Configuring a MySQL Datasource in Apache Tomcat

Confluence is very helpful to share work with your team members, if and when you have to. It’s a centralized place where you can work together on projects

This articles help you to set up a MySQL datasource connection for Confluence.

logoConfluencePNG(1)

Step 1: Shut down Tomcat

Run following command to bring Tomcat down while you are making these changes.

# cd <CONFLUENCE_INSTALLATION>/bin
# ./shutdown.sh

Step 2: MySQL database driver

You need to make the MySQL JDBC driver available to your application server, as described in the appropriate setup guide.

Step 3: Configure Tomcat

Edit server.xml file in your Tomcat installation.

# vim <CONFLUENCE_INSTALLATION>/conf/server.xml

Find the following lines:

<Context path="" docBase="../confluence" debug="0" reloadable="true">
  <!-- Logger is deprecated in Tomcat 5.5. Logging configuration for Confluence is specified in confluence/WEB-INF/classes/log4j.properties -->

Insert the DataSource Resource element within the Context element.

<Resource name="jdbc/confluence" auth="Container" type="javax.sql.DataSource"
         username="yourusername"
         password="yourpassword"
         driverClassName="com.mysql.jdbc.Driver"
         url="jdbc:mysql://localhost:3306/confluence?useUnicode=true&characterEncoding=utf8"
         maxActive="15"
         maxIdle="7"
         defaultTransactionIsolation="READ_COMMITTED"
         validationQuery="Select 1" />

Description:
username: Database username to be gone to your JDBC driver.
password: Database password to be gone to your JDBC driver.
driverClassName: Completely qualified Java class name of the JDBC driver to be utilized.
url: Connection URL to be gone to your JDBC driver.
maxActive: The greatest number of active instances that can be allocated from this pool in the meantime.
maxIdle: The greatest number of connections that can sit in this pool in the meantime.
validationQuery: SQL inquiry that can be utilized by the pool to approve connections before they are come back to the application.
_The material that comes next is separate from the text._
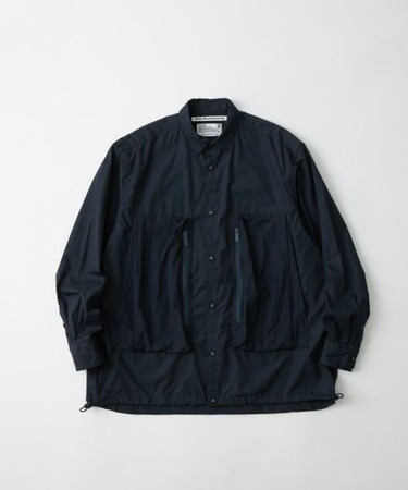 背中のアンブレラヨークや裾のドローコードがアクセントになり、シャツとしての着用はもちろん、羽織としても重宝します。

Step 4: Configure the Confluence web application

Edit server.xml file in your Confluence installation.

# vim <CONFLUENCE_INSTALLATION>/confluence/WEB-INF/web.xml

Embed the following component just before </web-app> close to the end of the file:

<resource-ref>
    <description>Connection Pool</description>
    <res-ref-name>jdbc/confluence</res-ref-name>
    <res-type>javax.sql.DataSource</res-type>
   <res-auth>Container</res-auth>
</resource-ref>

Step 5: Start Tomcat

Run following command to bring Tomcat up while you are making these changes.